Das vorgelegte Modell sucht die formale Annäherung an jenes historische Gitarrenmodell, das hier Pate stand (siehe Kasten). Der elegant geformte und gut taillierte kleine Korpus erhielt Rand- und Schalllocheinlagen in Anlehnung an das Vorbild. Der in Höhe des 12. Bundes in den Korpus eingesetzte Hals zeigt im Griffbrett und auf der Front der Fensterkopfplatte üppige Einlagen aus Abalone, allerdings entsprechen diese nicht der eher schlichten Verzierung des Originals. Das alles ist aber gut gemacht und versprüht Vintage-Charme.

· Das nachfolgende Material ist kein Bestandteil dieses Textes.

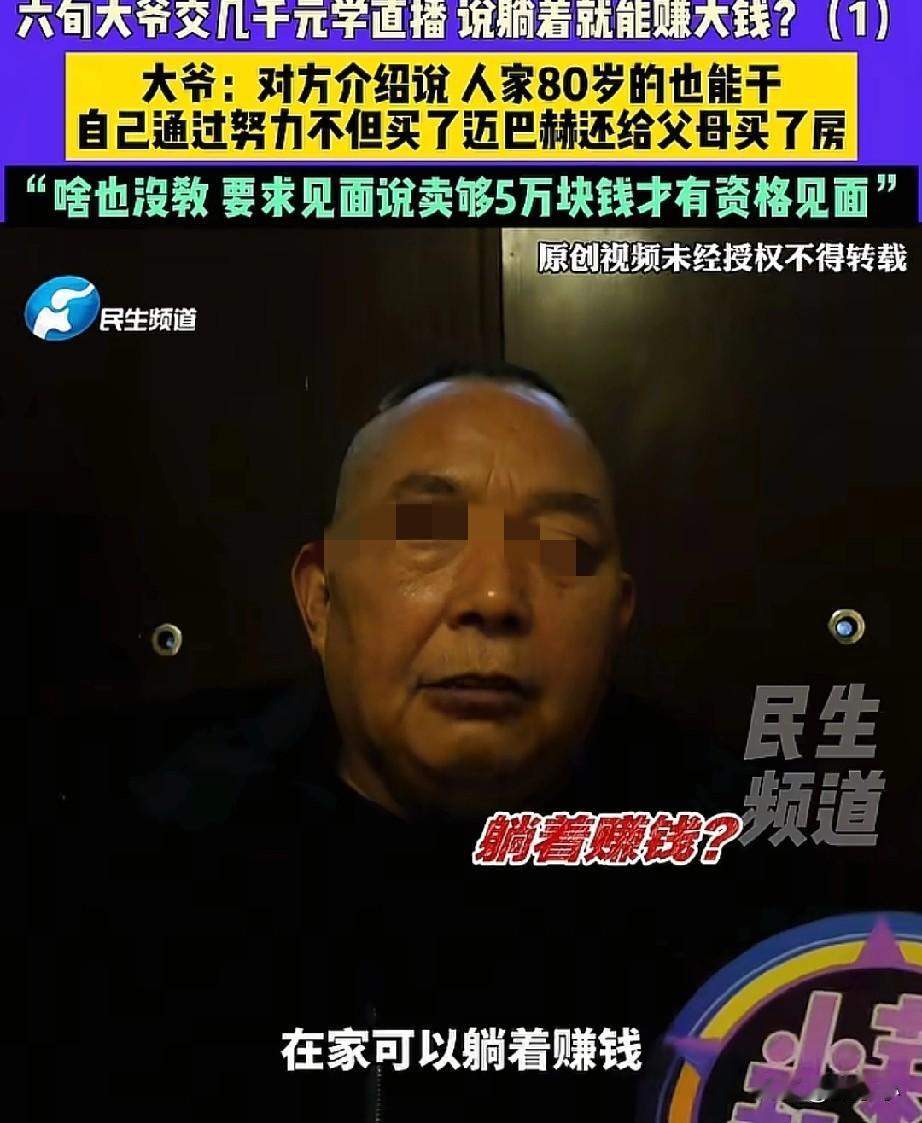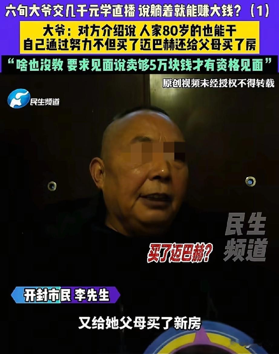 天上掉馅饼?河南,63岁大爷交了几千块钱学直播,说到躺着就能赚大钱,大爷直接照办在家里躺了几个月了,一分钱也没看到。 李先生在家里闲着无聊刷短视频,这天他刷到了一个叫赢老板的女子,直播带货,可以在家里躺着数钱。 从赢老板的描述中,她通过自己的努力不仅买了迈巴赫,还给父母买了房子,李先生很是心动呀,在家里躺着就能赚钱,还不用出力,这是个好工作啊! 于是,李先生就和这个赢老板聊了起来,说自己年龄大了,已经63岁了,还能不能干。 这个赢老板为了能拉住李先生,直接告诉他,你这年龄还算小的,人家有80多岁的都在干,一天都能赚个几百块钱。 这话一出,李先生特别被打动了,直接交了几千块钱的学费,对方也发来一个链接,让他下载这个,那个的。 李先生也不会,就要求能不能见面方面教他,对方可直接拒绝了,理由是必须要卖到5万块才能见面。 这个时候李先生已经意识到了自己可能被骗了,立马就联系了这个赢老板,但是已经联系不上了。 为了能追回自己的损失,李先生求助了河南广播电视台。 此事引发热议! 有网友表示, 躺的时间还短,不要吃饭一直躺,再躺半个月估计亲朋好友都来送钱了。 也有网友表示,那女的说躺在那里都能赚钱,大爷躺在那里没挣到钱。应该是大爷躺的姿势不对。 所以,一句老话还是有道理的,天上不会掉馅饼的,如果真掉的话,那肯定是陷阱等着你。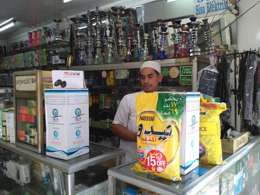 "Kami jual kismis, teh Arab, beras Arab, kurma, air zam-zam, dan halwa," ujar Hasan.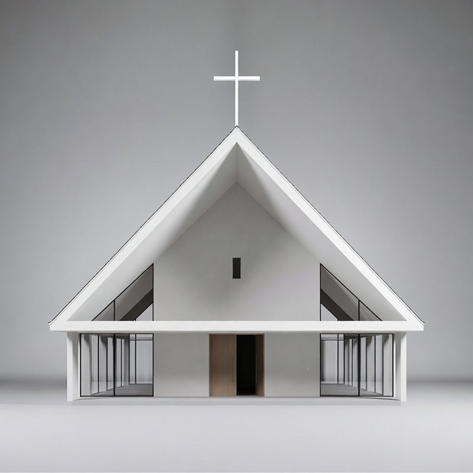 A modern white church features a striking triangular roof and a tall cross on top. It has large glass windows on both sides of the entrance and a central wooden door. The building is rendered in a 3D style against a plain gray background.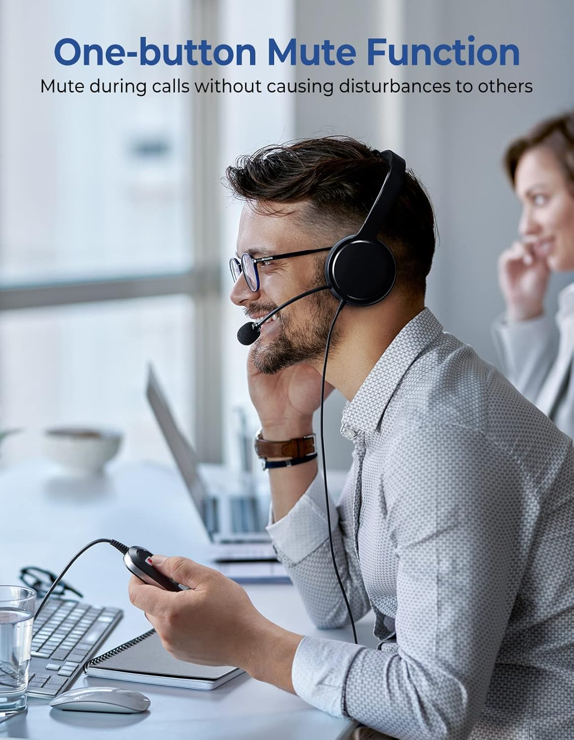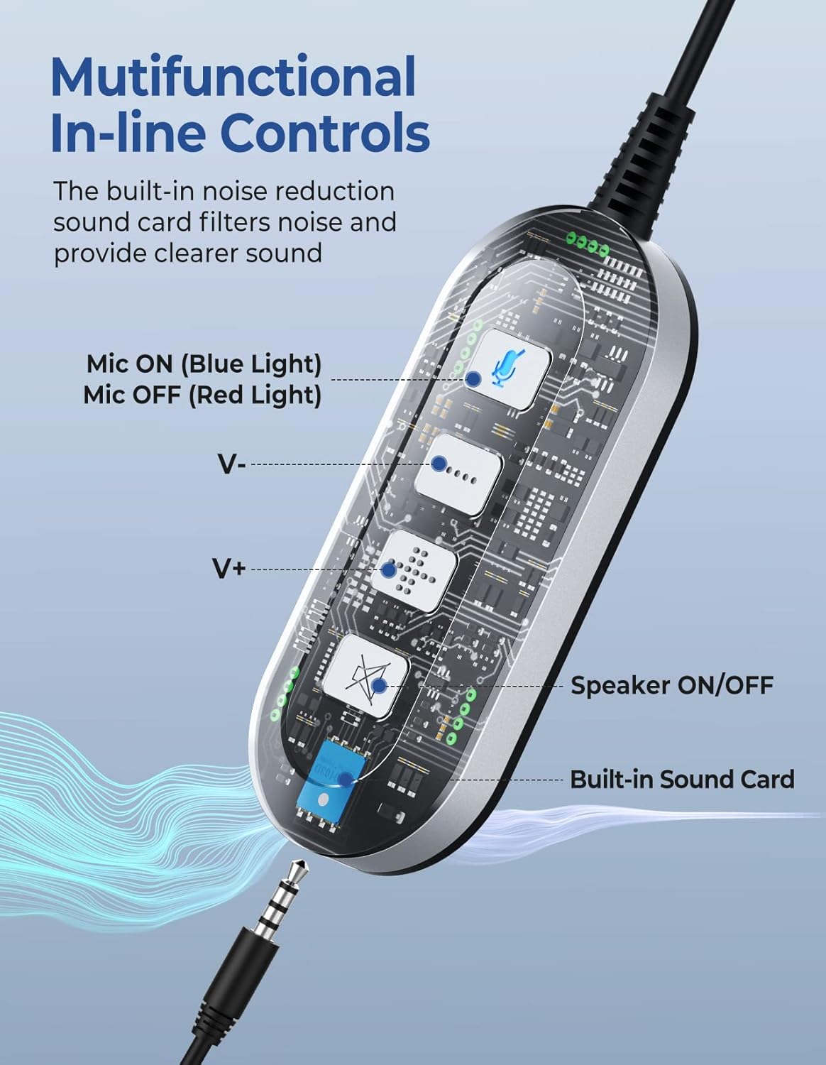 Multifunctional in-line control: You can easily turn the speaker on/off, adjust the volume and mute it during calls without causing disturbance to others; Being able to turn off the microphone with a control button on the cable is a great advantage, there is no need to check the device to adjust it; When muted, the control button will immediately illuminate red; This efficient PC headset control method improves work productivity

Bei der Materialwahl ist verständlich, dass anstelle des damals noch uneingeschränkt zur Verfügung stehenden, heute aus Artenschutzgründen kaum mehr verfügbaren (und unglaublich teuren) Rio-Palisanders, alternatives Tonholz hoher Qualität eingesetzt wurde. Der gut gewölbte, aus zwei Teilen spiegelgleich über einen Zierstreifen gefügte Boden und die Zargen bestehen aus schön gezeichnetem Madagascar-Rosewood bester Güteklasse. Die zweiteilige Decke aus künstlich gealterter und von Hand nivellierter Alpenfichte weist eine schöne parallele Maserung auf und ist von einem speziellen X-Bracing mit laminierten Leisten unterbaut. Allerdings zeigt diese Decke nicht die ausgeprägte Rundung, welche man den historischen Larson-Instrumenten zuspricht. Die Randeinlagen sowie die Schalllochrosette bestehen aus Abalone, gerahmt von Herringbone-Zierstreifen.Der Hals aus Mahagoni ist mit einer Schraubverbindung in den Korpus eingebracht und verfügt über ein eingebundenes Griffbrett aus Ebenholz, in dem 17 sauber verarbeitete schlanke Bünde Platz fanden. Der Kopfplatten-Layer aus Ebenholz hat eine Einlage aus hübschen floralen Motiven. Die offenen Mechaniken von Gotoh im Vintage-Stil sind funktional hochwertig; das Original hatte allerdings solche mit weißen Knöpfen. In die Brücke aus Ebenholz wurden vorbildgerecht Sterne eingelegt, die Pins sind aus Ebenholz gefertigt. Sattel und Steg bestehen aus dem harten Kunststoff Tusq. Die Mensur der kleinen Gitarre umfasst 63 cm. Der Korpus ist hochglänzend lackiert, der Hals matt. Alle Arbeiten wurden sauber und detailgenau ausgeführt.